*Data excerpt:*
━━━━━━━━━━━━━━━━━━━━━━━━━━━━━━

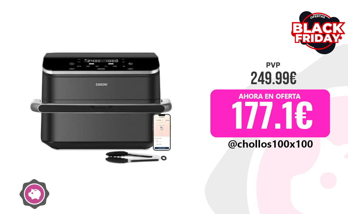 ✨¡Dale un giro a tus comidas con la Cosori Turbo Blaze Chef Edition! 🚀 Prepara platillos crujientes y deliciosos con un 85% menos de grasa, ¡en tiempo récord! ⏱️ Con 6 litros de capacidad, es perfecta para toda la familia. 👨👩👧👦 ¡Consíguela ahora por solo 94,99€ y cocina como un chef sin complicaciones! 😉
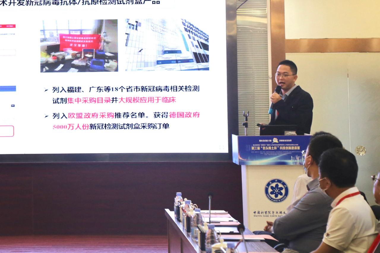 决赛项目在现场进行了激烈角逐,每个项目进行20分钟路演展示和10分钟的评委问答环节。中国稀土行业协会秘书长杨文浩、中国稀土学会副秘书长张安文、内蒙古科技大学材料学院院长宋希文、包头稀土研究院副院长李波、中国科学院力学研究所研究员夏原、中国科学院福建物质结构研究所研究员杨帆、国家纳米科学中心研究员王奇等资深专家组成评审团,从市场前景、技术水平、团队构成、商业模式、运营管理五个方面对参赛项目进行逐一评判。
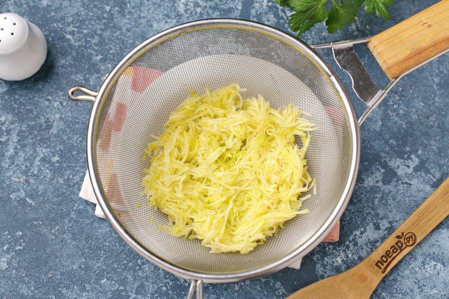 Кабачок натрите на мелкой тёрке, добавьте щепотку соли и перемешайте. Оставьте на 10 минут, после чего хорошо отожмите.

━━━━━━━━━━━━━━━━━━━━━━━━━━━━━━

*Work required:*
Reproduce the full material exactly, excluding the pictures.

*Response for this exercise:*
 ✨¡Dale un giro a tus comidas con la Cosori Turbo Blaze Chef Edition! 🚀 Prepara platillos crujientes y deliciosos con un 85% menos de grasa, ¡en tiempo récord! ⏱️ Con 6 litros de capacidad, es perfecta para toda la familia. 👨👩👧👦 ¡Consíguela ahora por solo 94,99€ y cocina como un chef sin complicaciones! 😉
 决赛项目在现场进行了激烈角逐,每个项目进行20分钟路演展示和10分钟的评委问答环节。中国稀土行业协会秘书长杨文浩、中国稀土学会副秘书长张安文、内蒙古科技大学材料学院院长宋希文、包头稀土研究院副院长李波、中国科学院力学研究所研究员夏原、中国科学院福建物质结构研究所研究员杨帆、国家纳米科学中心研究员王奇等资深专家组成评审团,从市场前景、技术水平、团队构成、商业模式、运营管理五个方面对参赛项目进行逐一评判。
 Кабачок натрите на мелкой тёрке, добавьте щепотку соли и перемешайте. Оставьте на 10 минут, после чего хорошо отожмите.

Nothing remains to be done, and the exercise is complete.